SOURCE DATA
• • • •
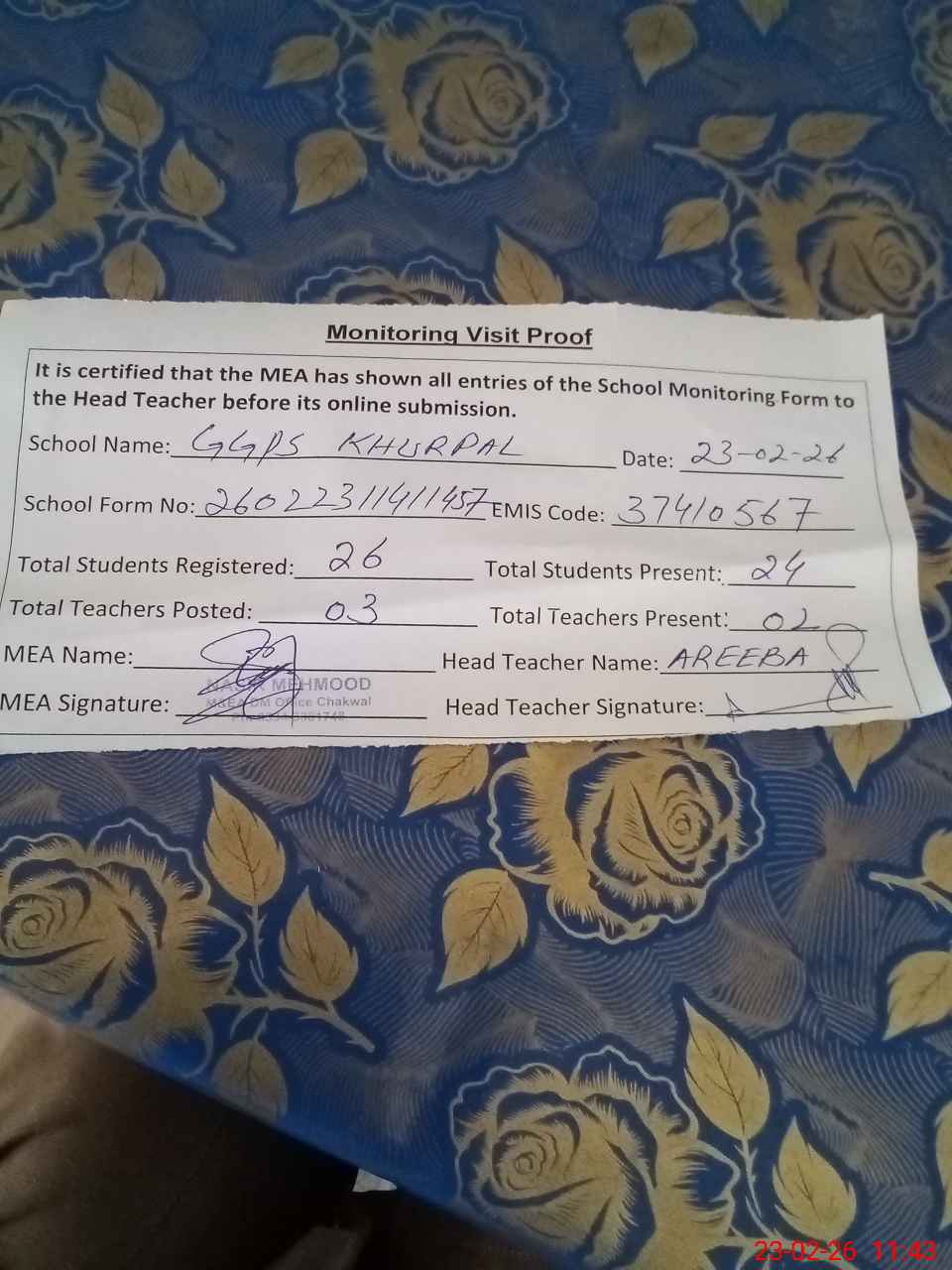 | Attendance Register | Head Teacher | MEA with School | Visit Proof |
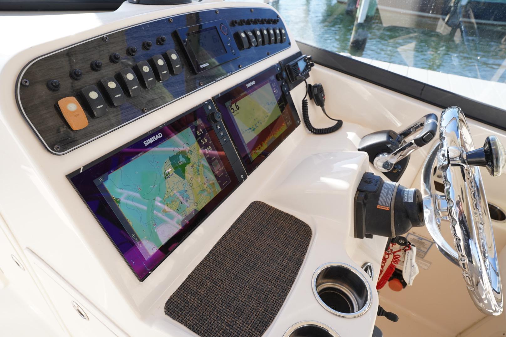 Beautifully kept Freedom 307 used exclusively as the tender to a larger yacht and maintained by a full-time captain. Powered by twin Yamaha F300s with just 495 hours, this boat is turnkey and loaded with desirable options. Features include dual SIMRAD GPS units, electric SureShade, cockpit and bow covers, upgraded stereo, windlass, large livewell, enclosed head, and Grady-White’s exceptional dual-console layout. “Starr” shows above-average care in all areas and is ready for family cruising, fishing, or tender service.
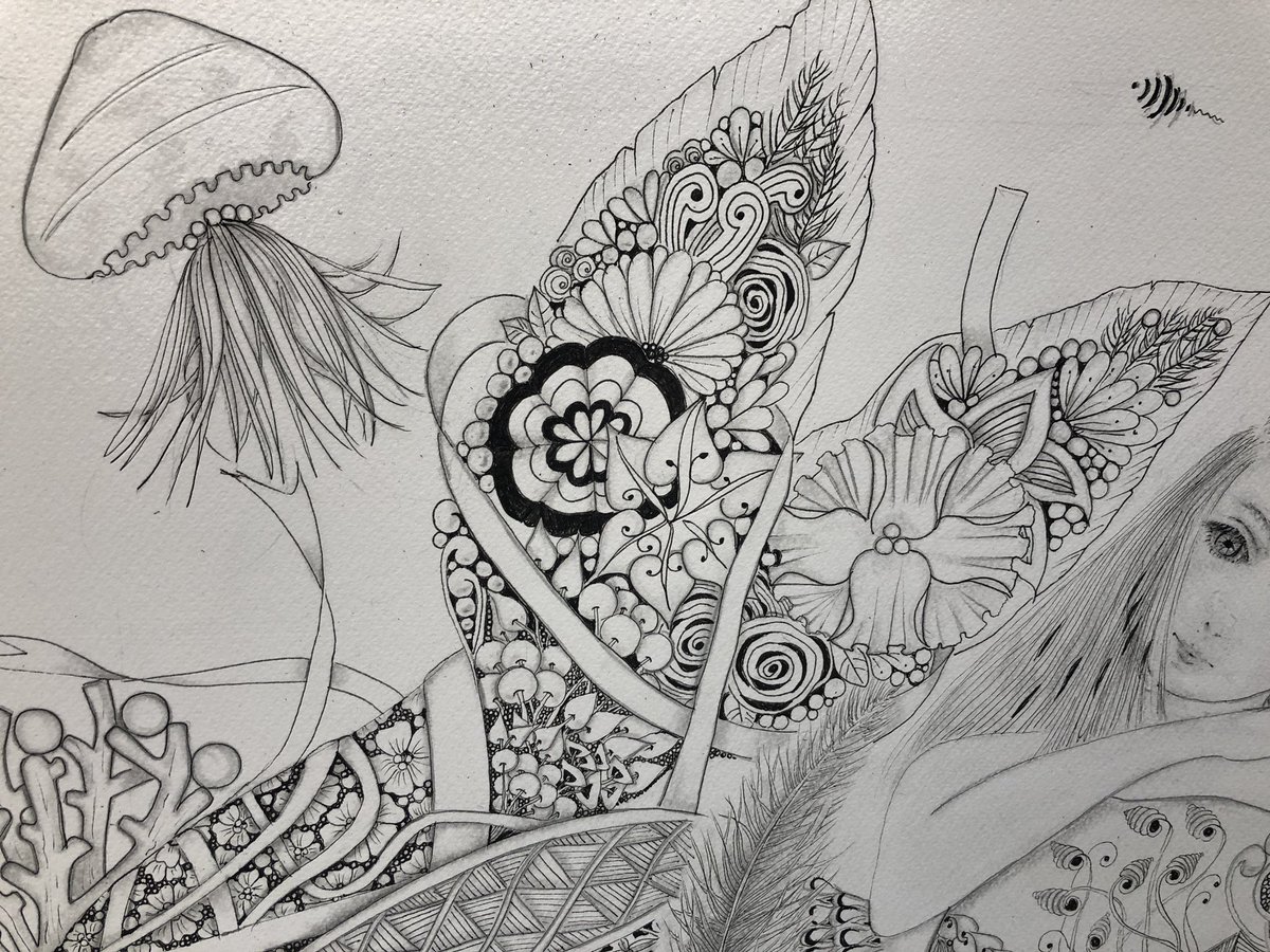 アリスを描こうとしたけど、女の子が人魚っぽいのでこんな感じに、さてどうやって色を塗ろうかな? #ゼンタングル #人魚 #女の子の絵 #イラスト #ペン画
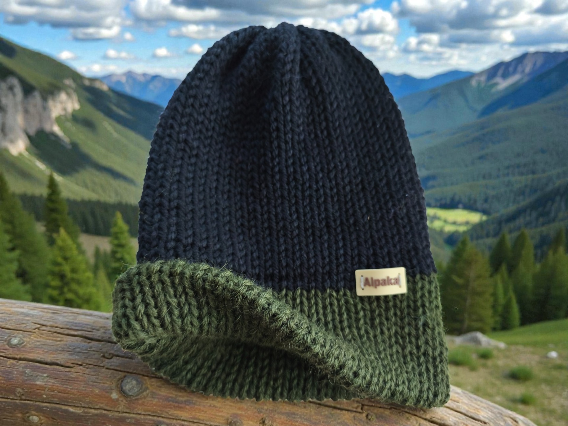 Elegantní pletená oboustranná čepice vyrobená z prémiové khaki - 65% Vlny 35% Alpaky / černá příze - 100 % Alpaka, která je dvojitá - pletená hladkým vzorem. Investujte do kvality, která dýchá s vámi. Vlna je technický zázrak přírody – má vynikající termoregulační schopnosti, je přirozeně antibakteriální a odolná vůči pachům. Více o vlně naleznete v sekci ,,O nás".
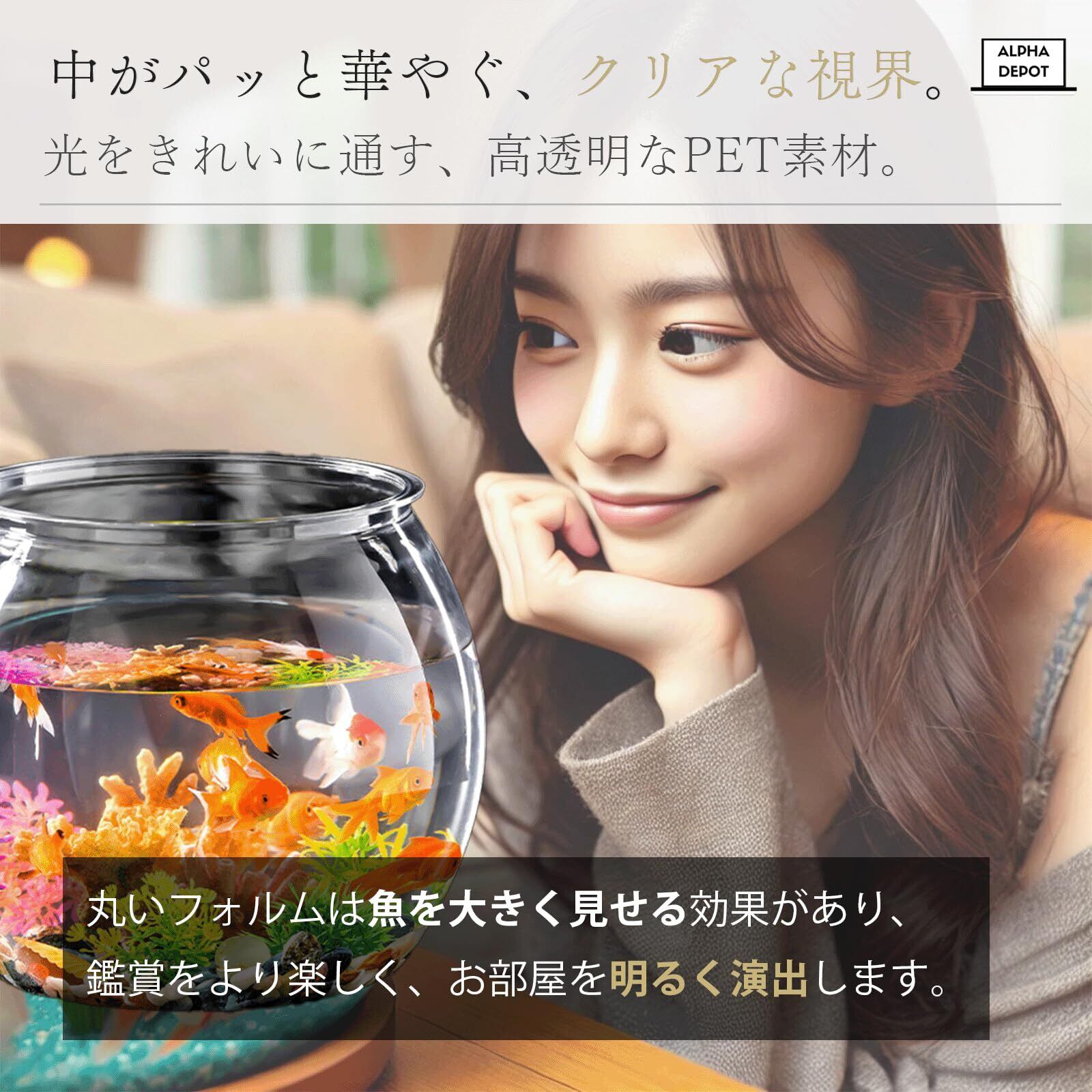 【透明度が高い素材で美しさを演出】高透明度のPET素材を使用し、光をたっぷり通すことで、水中の植物や生き物をより美しく魅せます。滑らかな丸型フォルムは、お部屋のインテリアにも馴染みやすく、おしゃれな空間を演出。水耕栽培や観賞魚の飼育にも適した多用途なデザインです。
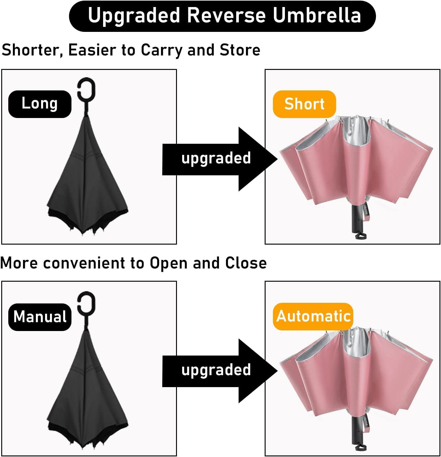 Inverted Folding Design: This upside-down umbrella takes an inside-out design. When you close it, the wet part will be inside of the umbrella, preventing water from dripping, and it will not get you wet when getting in and out of the car. You don't even need to worry about this automatic travel umbrella will wet your floor and mat.
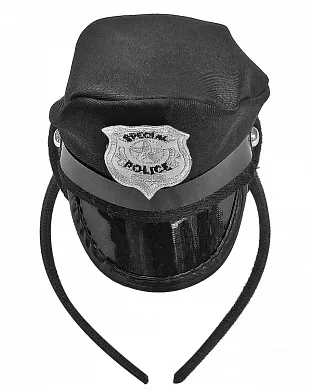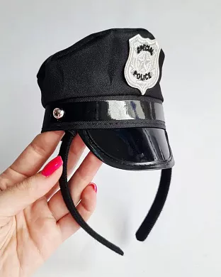 Обруч з невеликою копією шапки поліцейського. Аксесуар чудово доповнить образ на тематичну вечірку, а за рахунок гнучкого обруча та додаткової тканини на ньому - підійде на будь-який розмір голови!
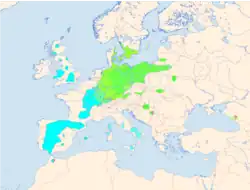 Red kites inhabit broadleaf woodlands, pastures, mixed farmland, valleys and wetland edges, up to at least 1,600 metres (5,200 ft) elevation.[2] They are native to the western Palearctic, with all of the currently known 32,200–37,700 breeding pairs being in Europe.[2] There also used to be breeding populations in western Asia (northern Iran, Syria and Turkey) and northwestern Africa (Algeria, Morocco and Tunisia), but most of these were extirpated in the 19th century or earlier;[39] the only non-European breeding population in recent decades was in Morocco where the last known pair was in 2004.[2] Today it breeds from Portugal and Spain, through the central part of the continent east to European Russia, north to southern Scandinavia, Latvia and the United Kingdom, and south to southern Italy; few if any breeders remain in the Balkans.[2][39] Most red kites that breed in the northern European mainland used to move south or west in winter, typically wintering in Spain and other parts of western Europe with a mild climate, as well as northwestern Africa (Algeria, Morocco and Tunisia) and Turkey. In recent decades, an increasing number of red kites from the northern European mainland have stayed in the region year-round.[2]
• • • •
PROBLEM TO SOLVE
Each of the records above needs to be transcribed exactly, apart from its pictures.

RESULT FOR THIS TASK
 | Attendance Register | Head Teacher | MEA with School | Visit Proof |
 Beautifully kept Freedom 307 used exclusively as the tender to a larger yacht and maintained by a full-time captain. Powered by twin Yamaha F300s with just 495 hours, this boat is turnkey and loaded with desirable options. Features include dual SIMRAD GPS units, electric SureShade, cockpit and bow covers, upgraded stereo, windlass, large livewell, enclosed head, and Grady-White’s exceptional dual-console layout. “Starr” shows above-average care in all areas and is ready for family cruising, fishing, or tender service.
 アリスを描こうとしたけど、女の子が人魚っぽいのでこんな感じに、さてどうやって色を塗ろうかな? #ゼンタングル #人魚 #女の子の絵 #イラスト #ペン画
 Elegantní pletená oboustranná čepice vyrobená z prémiové khaki - 65% Vlny 35% Alpaky / černá příze - 100 % Alpaka, která je dvojitá - pletená hladkým vzorem. Investujte do kvality, která dýchá s vámi. Vlna je technický zázrak přírody – má vynikající termoregulační schopnosti, je přirozeně antibakteriální a odolná vůči pachům. Více o vlně naleznete v sekci ,,O nás".
 【透明度が高い素材で美しさを演出】高透明度のPET素材を使用し、光をたっぷり通すことで、水中の植物や生き物をより美しく魅せます。滑らかな丸型フォルムは、お部屋のインテリアにも馴染みやすく、おしゃれな空間を演出。水耕栽培や観賞魚の飼育にも適した多用途なデザインです。
 Inverted Folding Design: This upside-down umbrella takes an inside-out design. When you close it, the wet part will be inside of the umbrella, preventing water from dripping, and it will not get you wet when getting in and out of the car. You don't even need to worry about this automatic travel umbrella will wet your floor and mat.
 Обруч з невеликою копією шапки поліцейського. Аксесуар чудово доповнить образ на тематичну вечірку, а за рахунок гнучкого обруча та додаткової тканини на ньому - підійде на будь-який розмір голови!
 Red kites inhabit broadleaf woodlands, pastures, mixed farmland, valleys and wetland edges, up to at least 1,600 metres (5,200 ft) elevation.[2] They are native to the western Palearctic, with all of the currently known 32,200–37,700 breeding pairs being in Europe.[2] There also used to be breeding populations in western Asia (northern Iran, Syria and Turkey) and northwestern Africa (Algeria, Morocco and Tunisia), but most of these were extirpated in the 19th century or earlier;[39] the only non-European breeding population in recent decades was in Morocco where the last known pair was in 2004.[2] Today it breeds from Portugal and Spain, through the central part of the continent east to European Russia, north to southern Scandinavia, Latvia and the United Kingdom, and south to southern Italy; few if any breeders remain in the Balkans.[2][39] Most red kites that breed in the northern European mainland used to move south or west in winter, typically wintering in Spain and other parts of western Europe with a mild climate, as well as northwestern Africa (Algeria, Morocco and Tunisia) and Turkey. In recent decades, an increasing number of red kites from the northern European mainland have stayed in the region year-round.[2]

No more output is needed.